Kerry Witt creates home-made artisan chocolates in the New Forest. Kerry Witt, the founder of Chocolate By Miss Witt is a Michelin Star trained pastry chef who has worked for Alex Aitken at Le Poussin and for Terence Conran at Bluebird Chelsea. Kerry lives in the New Forest, sources different varieties of chocolate from across the globe and uses many of the fruits that are grown and foraged in the New Forest.
Now, I’ve often suspected that readers of The Fabulous Times are the greatest, most talented, wonderful gang of individuals ever to grace our fair planet! When Kerry emailed me asking if i’d like to sample some of her fine chocolate creations, my suspicions were confirmed! The Fabulous Times readers are THE GREATEST and deserve to be celebrated. Artisan Chocolate by Miss Witt is the focus of this weeks dream business feature, I cannot wait to share Kerry’s work with you. Kerry took time out of her hectic schedule to share her delicious, mouth-watering story:
Q: When did you first discover your love of chocolate? Age 3 to taste! For my 7th birthday I made my own birthday cake, which was a train cake covered in chocolate butter cream and decorated in sweets. Each year it became an obsession to make birthday cakes in different designs and most of them were made from chocolate, chocolate cake is still one of my favourites today. As a child the 1st book I bought myself was a cookbook and I would be fixated on looking at all the beautiful chocolate recipes. My love for chocolate really came into its own when I become a pastry chef and could include a chocolate dessert into every menu I created and make chocolates for petit fours every day.
Q: Currently your chocolates are sold at the Exclusive Captains Club Hotel and at your local market, where would you most like to see your chocolates being sold? I would like to supply a few more unique hotels and select shops e.g The farm shop on the Waitrose, Leckford Estate near Stockbridge, it’d be wonderful to use some of their produce and to turn it into chocolates; I envisage a complete cycle from land to shop floor to customer. Of course, I would also like to supply some of the well known stores such as Liberty’s & Claridges.
Q: Where do you get the inspiration for your chocolate recipes? I get my inspiration from the seasons and local produce around me. I am often inspired from recipes I created as a pastry chef for example the ‘pink peppercorn with white chocolate’ and the ‘Thai scent’ came from a dessert I used to create. This was a Thai ice cream cylinder stack filled with mango and paw- paw, surrounded by pink peppercorn syrup. Knowing these flavours work in harmony together I created two different chocolates with these flavours…. when these chocolates are being produced the aromas are so enchanting and you know that its going to be a perfect day!
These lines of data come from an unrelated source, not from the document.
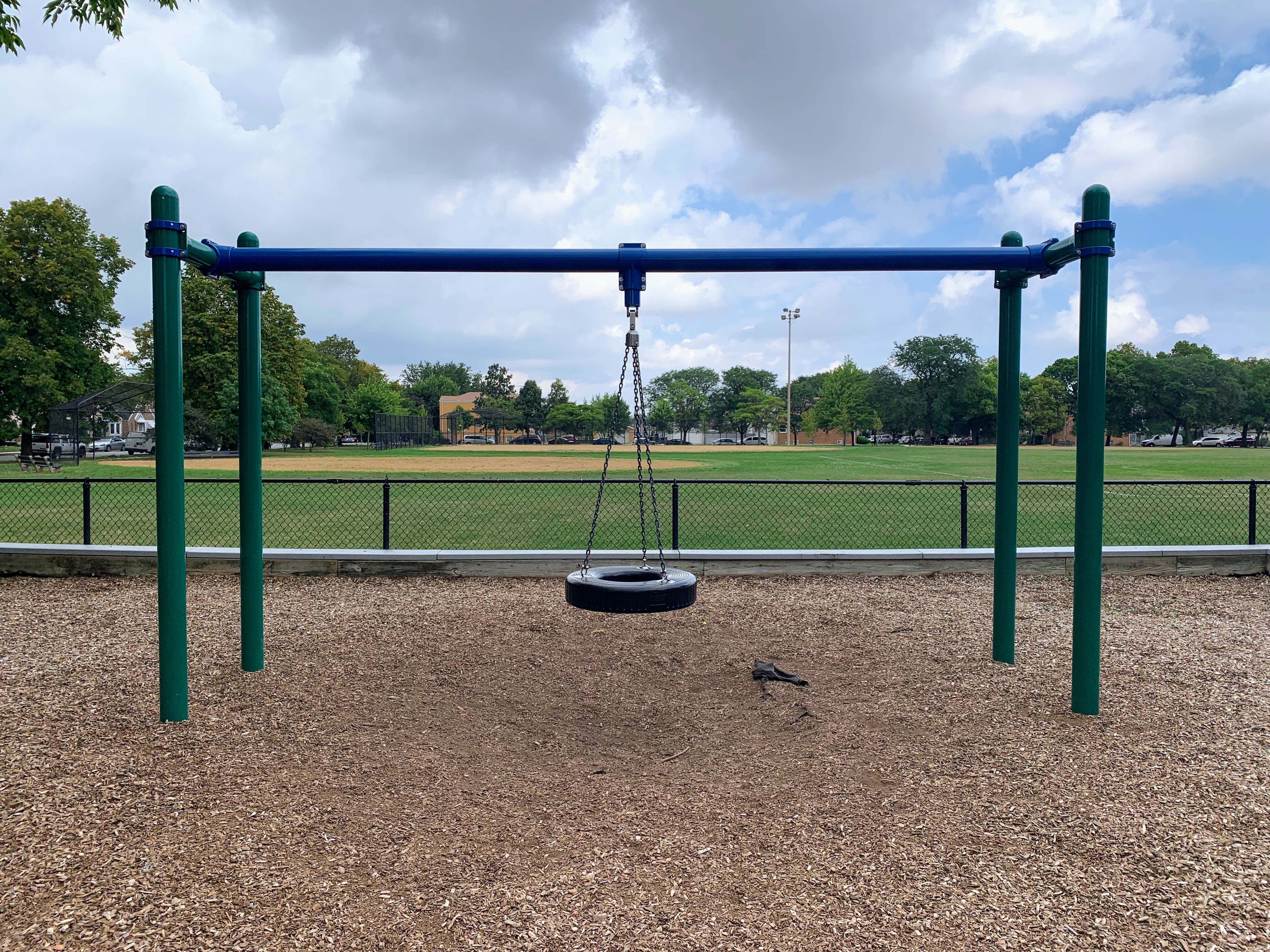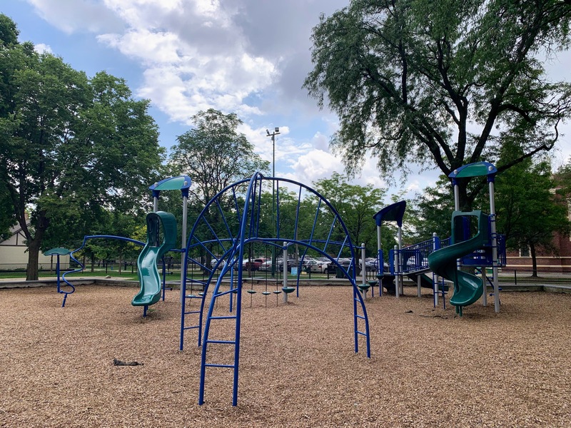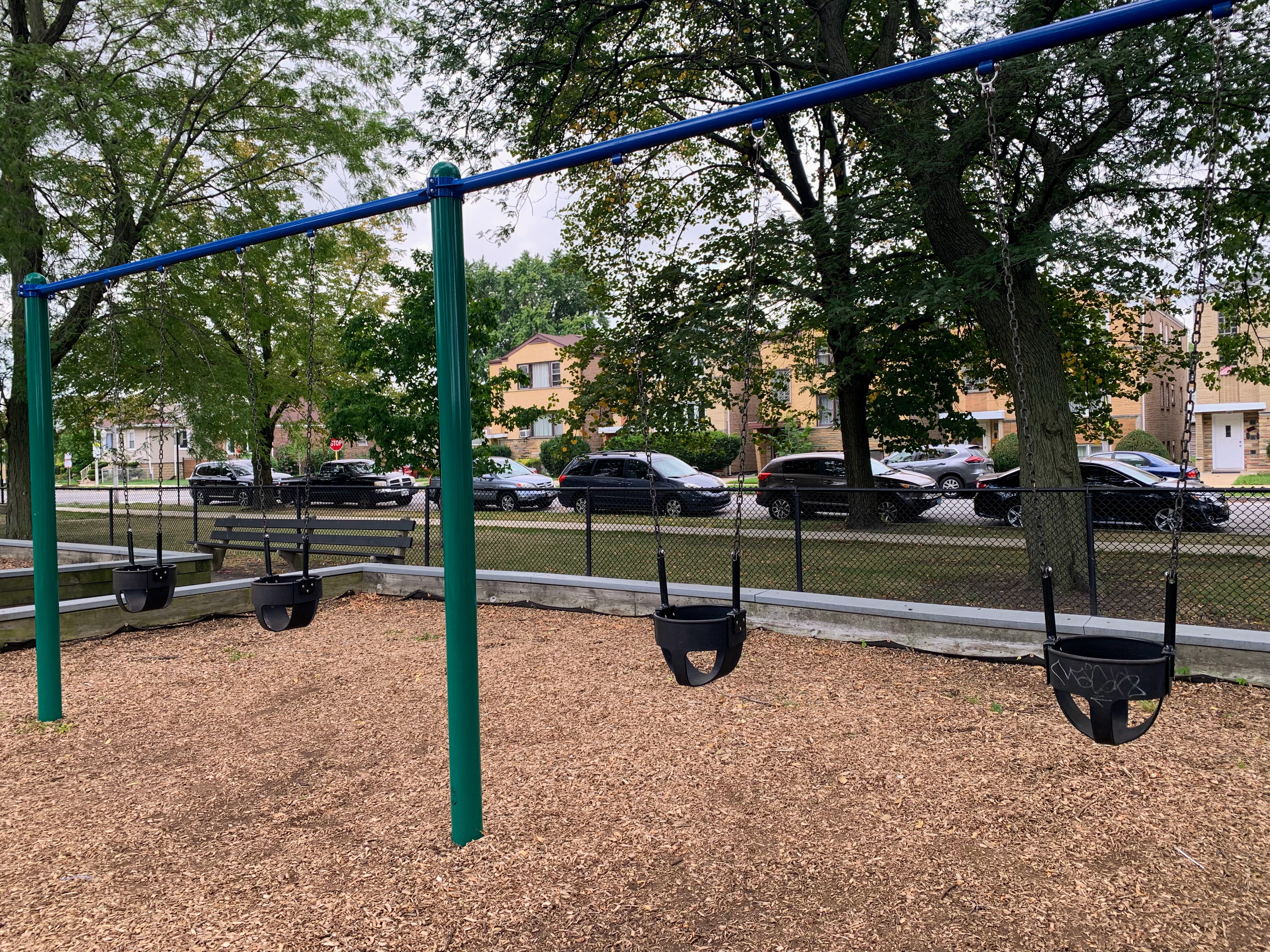 - Pasteur Park playground packs a punch! Seriously though, this playground provides some modern equipment in a classic park setting. The 'modern equipment' includes a variety of climbing and traversing options with a small play structure. There is a good variety of swings (toddler, adaptive, belt seat, and tire) as well as a small water spray feature. The setting is pastoral and classic: the play surface is wood chips and there are a few benches for seating and trees for shade. The play area is not fully enclosed but it is fenced from the street and the rest of the park. Somewhat modern equipment with some classic amenities in a park-like setting make this a great playground; highly recommend.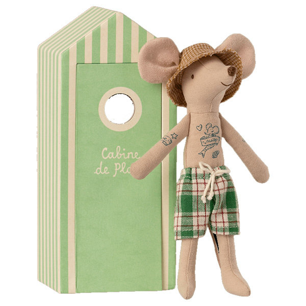 Vater Maus genießt einen Tag am Strand. In seiner Strandkabine verstaut er alle seine Strandsachen sicher. Diese süße Maileg Maus ist mit Badehose und Sonnenhut fertig!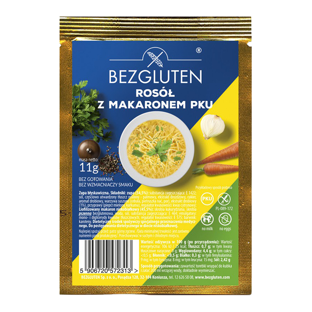 BEZGLUTEN - Polévka PKU - Kuřecí vývar s nudlemi nízkobílkovinný PKU, 11g

Q: You mentioned you source chocolate from all over the world, how does the taste differ from country to country? Cacao trees are grown at 20 degrees either side of the equator. Even though all cacao trees are grown at this latitude, the chocolate that is produced from all the countries along this line taste quite different. There are several reasons for this anomaly one is there is different variety of beans that be grown including Criollo, Forastero , Trinitario, then there is also another element which is the ‘terroir’ this is the climate, soil type, terrain combined what other plants which are grown around the cacao trees.
Q: As an independent business woman what’s the biggest struggle you’ve faced?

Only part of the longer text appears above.